Estonian linguist (born 1941)

Ago Künnap (born 23 July 1941) is an Estonian linguist and Uralist, whose work has focused especially on Samoyedic languages (including Kamassian) and Uralic historical morphology. He has been affiliated with the University of Tartu, where he became a professor and later emeritus professor.

== Early life and education ==
Künnap was born in Tallinn and completed his schooling there. He enrolled at the University of Tartu in 1959 in Estonian philology and Finno-Ugric linguistics and graduated in 1965. His early training is associated in particular with the linguist Paul Ariste.

He defended candidate-level work in philology in 1969, and received a doctoral degree from the University of Helsinki in 1971. His early major monographs were published in the Mémoires de la Société Finno-Ougrienne series and dealt with the origin and system of Kamassian inflectional suffixes.

== Academic career ==
Künnap has worked at the University of Tartu since the late 1960s, progressing from teaching roles to a professorship; he also served as dean of the university's humanities faculty during the Soviet period. A historical overview of Uralic-language teaching at the University of Tartu also discusses his role in the department's later development.

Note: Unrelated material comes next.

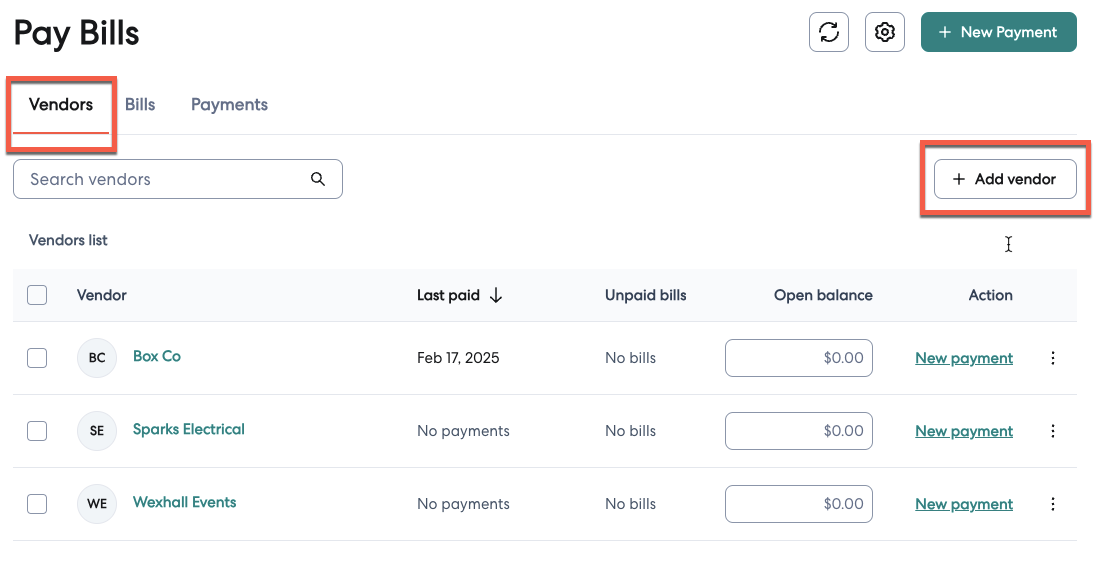 You can add a vendor as you create a new payment by following the steps below.

He also held posts abroad (including in Finland) and was associated with Estonian language lecturing in Oulu and Helsinki during the period described in biographical sketches.

== Research ==
Biographical reviews describe Künnap's early participation in Siberian field expeditions and connect this to later work on Samoyedic languages; accounts in Uralic studies also associate him with renewed attention to Kamassian materials and the documentation tradition around the language's last speakers. His early book-length studies focused on Kamassian nominal and verbal morphology, later expanding to comparative Uralic morphosyntax and broader historical questions in Uralic linguistics.

== Public debates ==
In the late 1990s and early 2000s, Künnap was also publicly associated with unconventional or “revolutionary” claims about Uralic prehistory and language diversification; later biographical commentary notes that he did not continue to foreground these positions in the same way in subsequent years.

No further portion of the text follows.